Anita is 36. Her blackout drinking began over a decade ago. She left her "latest abusive boyfriend" a week after Valentine’s Day. Diagnosed as bipolar, she usually washes down prescription drugs like clonazepam with high-octane vodka. At 10:30 a.m. on St. Patrick’s Day she was pulled over for drunk driving.

Theo is 52, but looks 20 years older. He’s been in and out of treatment a dozen times, has sometimes stayed sober for months at a time, and can quote from the Big Book like a preacher cites Scripture.

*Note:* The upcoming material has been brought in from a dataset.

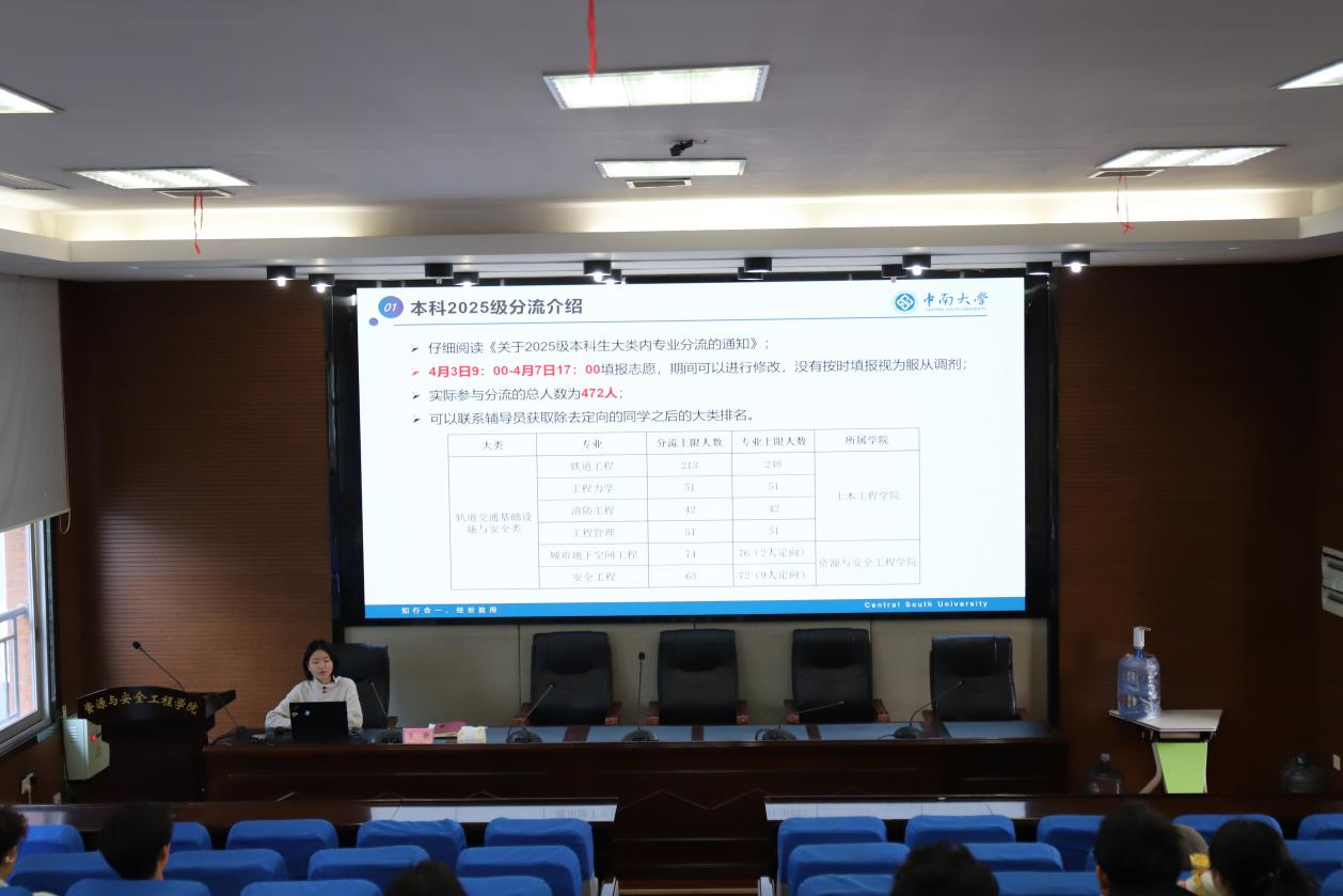 为助力轨道交通基础设施与安全类2025级学生厘清专业选择思路、做好分流规划,4月1日下午,学院“倾听·成长”茶叙会(第11期)在岳麓山校区采矿楼T302顺利举办。学院安全系王秉教授、城地系刘科伟教授应邀作专业分享,辅导员黄佳星作分流工作专题汇报,轨安2025级学生代表参加活动。现场问答踊跃、交流氛围浓厚。
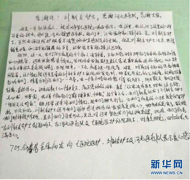 “在这里,我认识和接触到了一群可爱的战士,他们来自河北支援湖北医疗队。虽然通过防护服看不清楚她和其他队员的容貌,但是刘新会护士满是活力热情的声音,让我很容易能辨认出她。” ![]() 这是武汉市第七医院705病室的全体新冠肺炎患者写给河北省支援湖北医疗队队员、石家庄市第三医院护士刘新会的一封信。A4大小的纸页上写满了字迹,简单质朴的语言却流露出真挚的情感,字里行间都记录着患者与医务人员之间的情谊。 ![]() 患者把信交给刘新会时说:“其实这些话我们早已经想好,当时我们没有纸,只能存在手机上,现在我们在纸上郑重抄写了下来亲手交给你,真心感谢你和河北医疗队的队员。谢谢你,可爱的‘战士’!” ![]() +1 [作者: 高丽 责任编辑: 杨丹宇 ] 相关新闻 |

He was picked up by police after passing out under a highway overpass.

Go to any detox facility, rehab center, or substance-abuse support-group meeting in the United States, and you’ll hear similar tales. A 2013 survey conducted by the National Institute on Drug Abuse indicated that an estimated 22.7 million Americans needed treatment for problems related to drugs or alcohol. The institute also determined that the "total overall costs of substance abuse in the United States, including productivity and health- and crime-related costs, exceed $600 billion annually."

Today, as the nation’s opiate epidemic makes headlines and policy makers grapple with the question of whether to legalize marijuana, academics from a variety of disciplines are trying to understand addiction and find successful treatments for people like Robert, Anita, and Theo. Last summer, for instance, neuroscientists at the University of Texas at Austin conducted experiments on mice that led them to conclude that a medicine already approved by the FDA to treat high blood pressure could eventually help erase the unconscious memories and cues that can lead recovering addicts to relapse. Scholars like Carl Hart, a professor of psychology at Columbia University, and the Princeton economists Angus Deaton and Anne Case are conducting increasingly sophisticated data-driven studies to determine how a person’s race, class, and age can predict risky behavior.